Agent Diagnostic
Investigated an OpenShell gateway running the Kubernetes compute driver under sustained
high concurrency (~20+ sandboxes), where agent trials hung after the agent had already
finished its work.
Tools / approach:
kubectl for pod state, in-sandbox supervisor logs (/var/log/openshell.*), and ps.
- Gateway log analysis (supervisor sessions, relay channels, RPC latency).
openshell sandbox exec timing probes (quick, long-idle, and background-child commands).
- Source review of the gateway exec/relay path (
grpc/sandbox.rs, supervisor_session.rs,
multiplex.rs) and the in-sandbox SSH server (openshell-sandbox/src/ssh.rs), plus the
russh 0.57 channel-close behavior.
Findings:
- On a stuck pod the agent process had exited with no orphan processes, yet the
agent's ExecSandbox RPC never returned. A fresh exec into the same sandbox
returned in <1s — so the supervisor session/relay was healthy and reconnected; only the
original in-flight exec channel was wedged.

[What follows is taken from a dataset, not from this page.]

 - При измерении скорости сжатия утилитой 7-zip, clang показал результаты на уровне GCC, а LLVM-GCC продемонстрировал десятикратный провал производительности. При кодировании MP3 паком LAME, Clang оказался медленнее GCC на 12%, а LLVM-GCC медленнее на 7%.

- The gateway itself was healthy throughout (0 restarts, single-digit-ms RPC latency), so
this is not saturation.
- Observed recurring bursts of supervisor sessions resetting with
h2 protocol error: error reading a body from connection, each followed by
relay stream: inbound errored. A controlled long-running exec died at the exact instant
of one such burst; others in the same situation hung instead.

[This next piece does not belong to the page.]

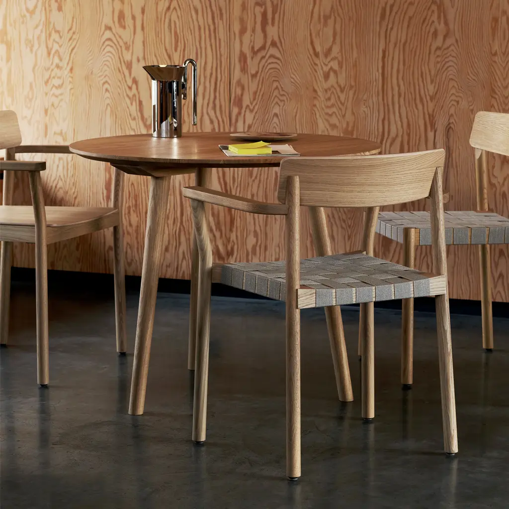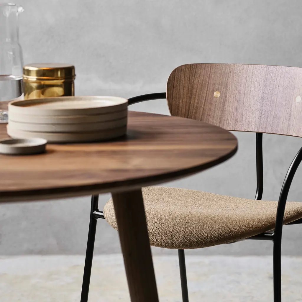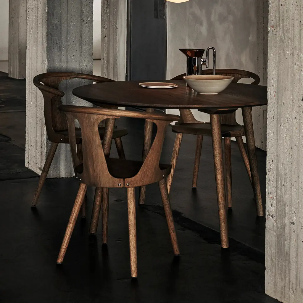 Indulge in sophistication with the In Between Round Dining Table from &tradition. Crafted by Sami Kallio, this Scandinavian-inspired piece combines traditional woodworking techniques with modern design for lasting appeal. Available in three variants, pair with the matching chairs and bar stools for a complete, unique dining experience. Highlights

- The in-sandbox supervisor bounds its own teardown — it sends
eof → exit-status →
close wit
the exec loop blocks on channel.wait() with no idle/liveness backstop, and an orphaned
relay channel (left over from a reset session) never produces another message.
- Confirmed not driver-specific: exec runs over the same supervisor reverse-relay path
for every compute driver (local containers, VMs, Kubernetes). The defect is latent
everywhere; it manifests in practice on networked / higher-concurrency deployments
(where supervisor sessions actually reset often enough to orphan an in-flight exec) and
is rarely seen on a local single-host gateway.
Tried: isolated long channel-silent execs and background-child execs both return fine on a
healthy session; the hang only appears when a supervisor session resets while an exec is in
flight, leaving the relay channel orphaned and the gateway exec loop parked.
Description
The bug occured constantly when trying to scale test openshell on K8S environment, specicily running swe-bench with Harbor framework which requires having a long running exec command.
Actual behavior: When a supervisor session resets while an ExecSandbox is in flight,
the relay channel carrying that exec is orphaned. The supervisor reconnects a fresh session
(new execs work immediately), but the gateway's exec loop stays blocked on channel.wait()
waiting for an SSH close/exit that will never arrive — there is no idle or liveness timeout
to break out. The streaming RPC never returns and the caller hangs until its own deadline.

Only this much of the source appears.